= Task to complete =
Write out a word-for-word repetition of the lines that come before the line containing "Imagen del 26" in the listing below, along with that line itself, omitting pictures.

= Source material =
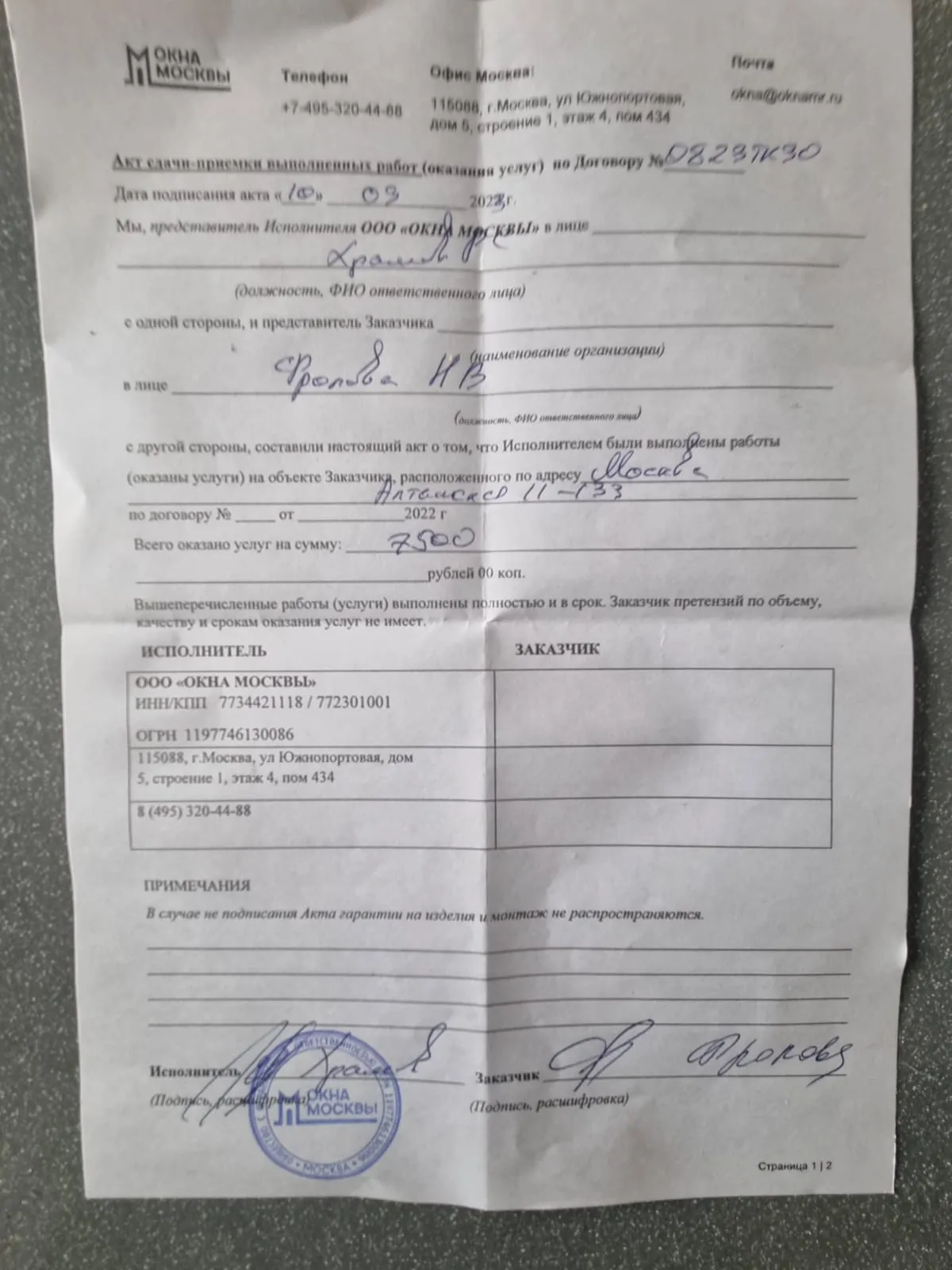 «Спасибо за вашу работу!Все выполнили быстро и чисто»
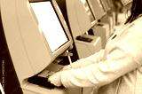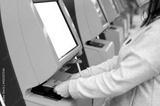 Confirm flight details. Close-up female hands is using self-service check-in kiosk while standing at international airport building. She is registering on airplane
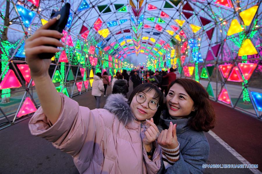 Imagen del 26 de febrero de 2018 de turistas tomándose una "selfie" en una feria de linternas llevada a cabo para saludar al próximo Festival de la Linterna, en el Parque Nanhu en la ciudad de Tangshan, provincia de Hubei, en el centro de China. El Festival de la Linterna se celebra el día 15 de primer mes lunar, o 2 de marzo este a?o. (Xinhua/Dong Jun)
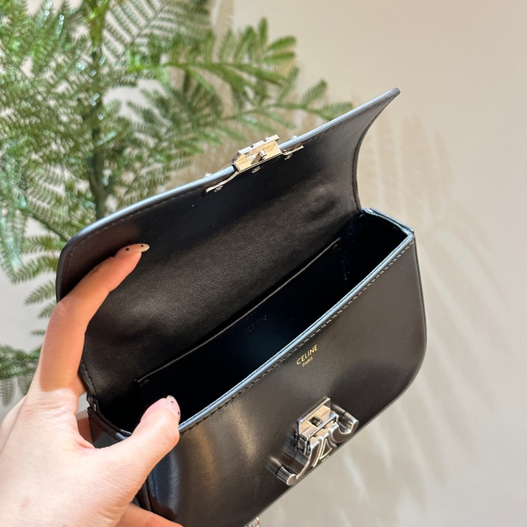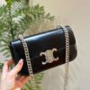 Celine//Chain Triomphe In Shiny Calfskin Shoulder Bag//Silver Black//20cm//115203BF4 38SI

= Solution for this problem =
 «Спасибо за вашу работу!Все выполнили быстро и чисто»
 Confirm flight details. Close-up female hands is using self-service check-in kiosk while standing at international airport building. She is registering on airplane
 Imagen del 26 de febrero de 2018 de turistas tomándose una "selfie" en una feria de linternas llevada a cabo para saludar al próximo Festival de la Linterna, en el Parque Nanhu en la ciudad de Tangshan, provincia de Hubei, en el centro de China. El Festival de la Linterna se celebra el día 15 de primer mes lunar, o 2 de marzo este a?o. (Xinhua/Dong Jun)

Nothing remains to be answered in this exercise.